### WORK TO BE COMPLETED
Write out the entries below exactly, but only from the line containing "4年生の体育です。なわ跳びの" through the line containing "Календарик 1992-1993", and without the pictures.

### SUPPLIED MATERIAL
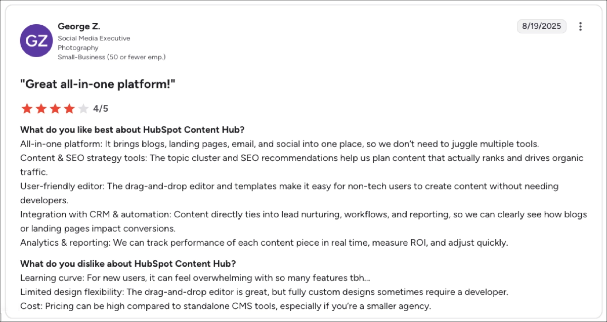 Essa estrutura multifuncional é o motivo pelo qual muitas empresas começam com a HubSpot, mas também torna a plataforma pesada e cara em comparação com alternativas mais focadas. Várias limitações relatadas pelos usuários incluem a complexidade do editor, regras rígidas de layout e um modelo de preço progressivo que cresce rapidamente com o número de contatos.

---

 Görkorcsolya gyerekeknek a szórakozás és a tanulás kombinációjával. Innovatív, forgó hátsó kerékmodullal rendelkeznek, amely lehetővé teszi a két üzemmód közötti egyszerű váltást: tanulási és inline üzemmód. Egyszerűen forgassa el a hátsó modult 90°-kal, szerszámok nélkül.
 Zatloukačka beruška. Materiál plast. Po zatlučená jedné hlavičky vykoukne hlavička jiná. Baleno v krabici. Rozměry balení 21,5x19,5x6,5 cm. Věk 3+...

--

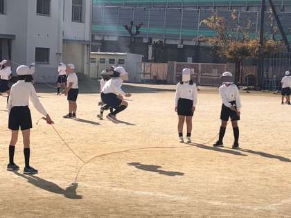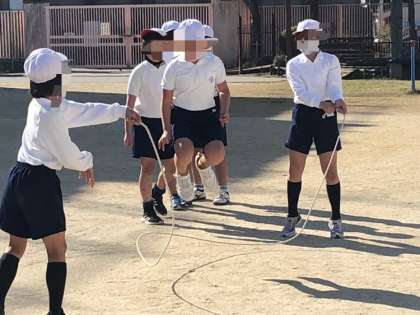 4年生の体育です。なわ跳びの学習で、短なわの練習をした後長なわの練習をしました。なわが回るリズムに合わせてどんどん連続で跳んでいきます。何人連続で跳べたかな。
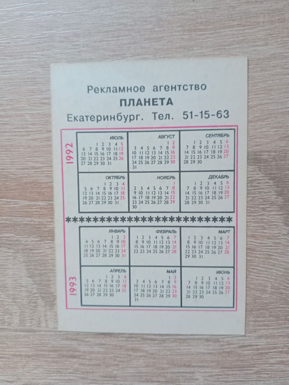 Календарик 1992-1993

### RESPONSE TO THE EXERCISE
 4年生の体育です。なわ跳びの学習で、短なわの練習をした後長なわの練習をしました。なわが回るリズムに合わせてどんどん連続で跳んでいきます。何人連続で跳べたかな。
 Календарик 1992-1993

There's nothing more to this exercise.